Input material.

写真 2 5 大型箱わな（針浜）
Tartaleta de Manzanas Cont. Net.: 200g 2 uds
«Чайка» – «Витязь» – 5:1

* * *

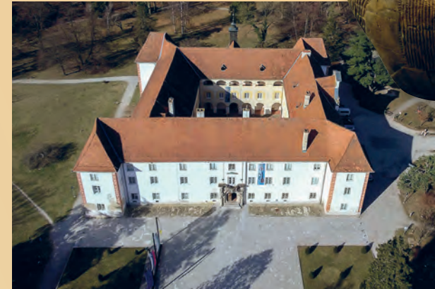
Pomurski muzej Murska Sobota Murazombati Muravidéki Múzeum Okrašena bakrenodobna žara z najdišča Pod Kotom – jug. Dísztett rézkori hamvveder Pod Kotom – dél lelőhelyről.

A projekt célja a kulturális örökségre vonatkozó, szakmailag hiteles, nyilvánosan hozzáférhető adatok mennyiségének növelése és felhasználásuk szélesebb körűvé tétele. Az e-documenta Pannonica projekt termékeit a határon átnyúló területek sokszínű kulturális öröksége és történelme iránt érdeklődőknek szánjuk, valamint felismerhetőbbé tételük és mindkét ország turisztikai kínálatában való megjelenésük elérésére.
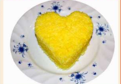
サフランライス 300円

---

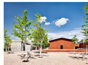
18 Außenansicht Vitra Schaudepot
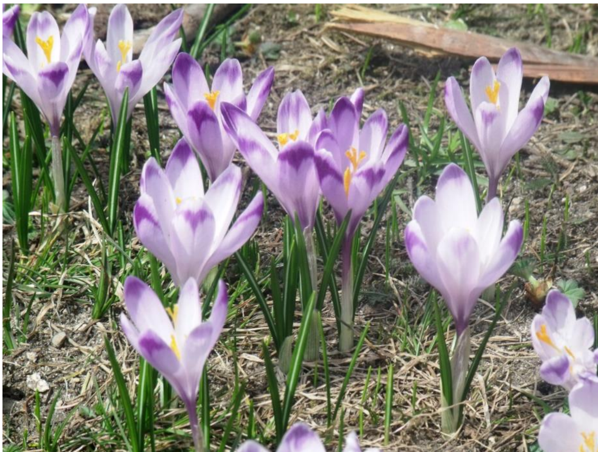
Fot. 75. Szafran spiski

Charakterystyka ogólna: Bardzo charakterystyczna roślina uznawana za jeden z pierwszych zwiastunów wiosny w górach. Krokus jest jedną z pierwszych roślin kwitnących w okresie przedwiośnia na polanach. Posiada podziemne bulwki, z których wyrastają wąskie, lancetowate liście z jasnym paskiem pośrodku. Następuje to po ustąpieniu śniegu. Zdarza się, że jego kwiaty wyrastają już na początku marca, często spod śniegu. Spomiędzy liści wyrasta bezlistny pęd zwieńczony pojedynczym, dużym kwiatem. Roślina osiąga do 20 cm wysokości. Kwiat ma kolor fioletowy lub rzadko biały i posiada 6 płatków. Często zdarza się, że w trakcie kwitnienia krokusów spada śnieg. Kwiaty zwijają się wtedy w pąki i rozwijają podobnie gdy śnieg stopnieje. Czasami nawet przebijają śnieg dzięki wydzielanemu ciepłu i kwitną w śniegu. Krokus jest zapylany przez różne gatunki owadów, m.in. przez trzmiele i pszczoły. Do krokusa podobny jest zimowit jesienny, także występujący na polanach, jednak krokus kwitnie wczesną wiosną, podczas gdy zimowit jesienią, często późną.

Assignment. After locating "Pomurski muzej Murska" and "サフランライス 300円" in the records above, return exactly the line holding each one and every line between them; leave out the pictures.

Final answer.
Pomurski muzej Murska Sobota Murazombati Muravidéki Múzeum Okrašena bakrenodobna žara z najdišča Pod Kotom – jug. Dísztett rézkori hamvveder Pod Kotom – dél lelőhelyről.

A projekt célja a kulturális örökségre vonatkozó, szakmailag hiteles, nyilvánosan hozzáférhető adatok mennyiségének növelése és felhasználásuk szélesebb körűvé tétele. Az e-documenta Pannonica projekt termékeit a határon átnyúló területek sokszínű kulturális öröksége és történelme iránt érdeklődőknek szánjuk, valamint felismerhetőbbé tételük és mindkét ország turisztikai kínálatában való megjelenésük elérésére.
サフランライス 300円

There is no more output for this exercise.